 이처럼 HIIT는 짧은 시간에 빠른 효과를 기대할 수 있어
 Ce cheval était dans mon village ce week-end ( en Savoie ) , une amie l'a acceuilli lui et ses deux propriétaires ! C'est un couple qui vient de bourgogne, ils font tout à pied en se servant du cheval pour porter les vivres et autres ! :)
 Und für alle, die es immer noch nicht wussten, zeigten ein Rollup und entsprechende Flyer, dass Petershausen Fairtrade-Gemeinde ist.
☆ ☆ ☆ ☆ ☆ ☆ ☆
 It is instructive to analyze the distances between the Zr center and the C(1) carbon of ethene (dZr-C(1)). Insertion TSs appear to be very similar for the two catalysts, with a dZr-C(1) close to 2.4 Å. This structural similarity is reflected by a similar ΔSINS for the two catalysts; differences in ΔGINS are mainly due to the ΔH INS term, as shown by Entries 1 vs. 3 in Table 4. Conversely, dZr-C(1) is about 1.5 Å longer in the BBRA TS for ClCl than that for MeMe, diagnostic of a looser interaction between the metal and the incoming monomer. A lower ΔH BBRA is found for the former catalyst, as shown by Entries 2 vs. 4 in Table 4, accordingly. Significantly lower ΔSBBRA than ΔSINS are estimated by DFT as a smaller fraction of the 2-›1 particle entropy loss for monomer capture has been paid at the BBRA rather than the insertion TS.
☆ ☆ ☆ ☆ ☆ ☆ ☆
▶ _How to complete this task_: Give back exactly the lines of the listing above that run from the line with "이처럼 HIIT는 짧은 시간에 빠른 효과를 기대할 수 있어" to the line with "Und für alle, die", inclusive.

▶ _Solution for this task_:
 이처럼 HIIT는 짧은 시간에 빠른 효과를 기대할 수 있어
 Ce cheval était dans mon village ce week-end ( en Savoie ) , une amie l'a acceuilli lui et ses deux propriétaires ! C'est un couple qui vient de bourgogne, ils font tout à pied en se servant du cheval pour porter les vivres et autres ! :)
 Und für alle, die es immer noch nicht wussten, zeigten ein Rollup und entsprechende Flyer, dass Petershausen Fairtrade-Gemeinde ist.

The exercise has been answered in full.